DATASET EXTRACT
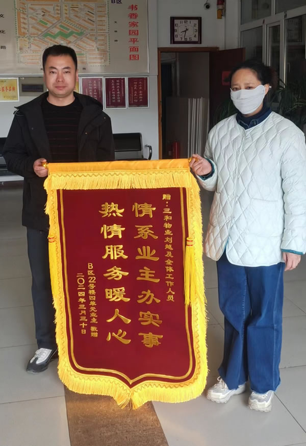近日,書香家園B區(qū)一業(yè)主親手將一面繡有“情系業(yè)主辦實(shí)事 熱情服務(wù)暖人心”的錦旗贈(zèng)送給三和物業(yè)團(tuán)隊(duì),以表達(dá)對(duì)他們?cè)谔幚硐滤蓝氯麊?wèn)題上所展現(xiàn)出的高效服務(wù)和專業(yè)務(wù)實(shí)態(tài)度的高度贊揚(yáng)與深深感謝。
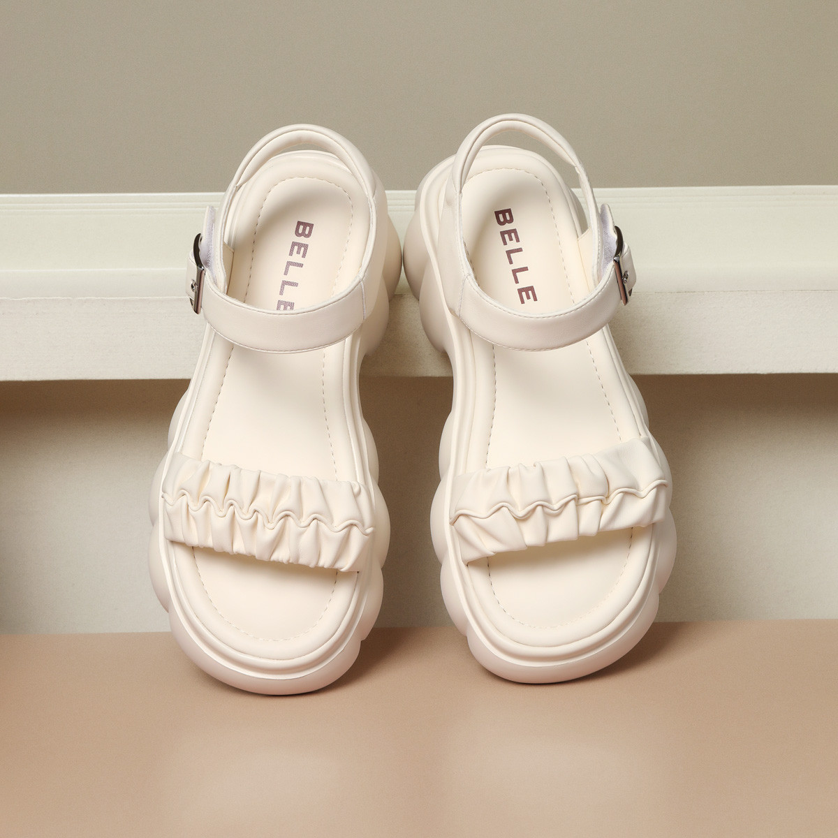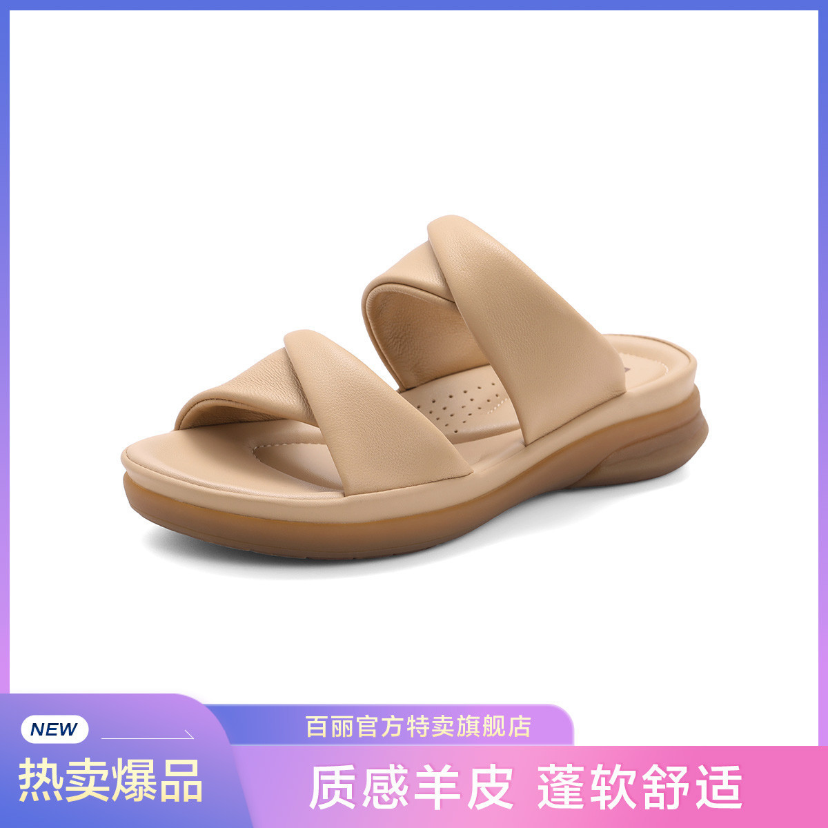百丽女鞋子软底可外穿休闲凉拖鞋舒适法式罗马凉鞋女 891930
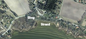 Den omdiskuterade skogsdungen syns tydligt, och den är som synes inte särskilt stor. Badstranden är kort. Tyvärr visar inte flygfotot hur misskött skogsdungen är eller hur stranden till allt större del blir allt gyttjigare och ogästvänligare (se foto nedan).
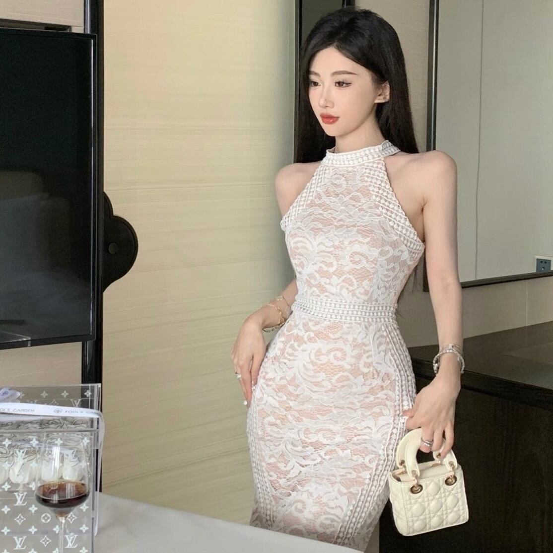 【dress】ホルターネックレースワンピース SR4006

TASK DIRECTIONS
Please give back every line above exactly as it stands, without pictures.

ANSWER BOX
近日,書香家園B區(qū)一業(yè)主親手將一面繡有“情系業(yè)主辦實(shí)事 熱情服務(wù)暖人心”的錦旗贈(zèng)送給三和物業(yè)團(tuán)隊(duì),以表達(dá)對(duì)他們?cè)谔幚硐滤蓝氯麊?wèn)題上所展現(xiàn)出的高效服務(wù)和專業(yè)務(wù)實(shí)態(tài)度的高度贊揚(yáng)與深深感謝。
百丽女鞋子软底可外穿休闲凉拖鞋舒适法式罗马凉鞋女 891930
 Den omdiskuterade skogsdungen syns tydligt, och den är som synes inte särskilt stor. Badstranden är kort. Tyvärr visar inte flygfotot hur misskött skogsdungen är eller hur stranden till allt större del blir allt gyttjigare och ogästvänligare (se foto nedan).
 【dress】ホルターネックレースワンピース SR4006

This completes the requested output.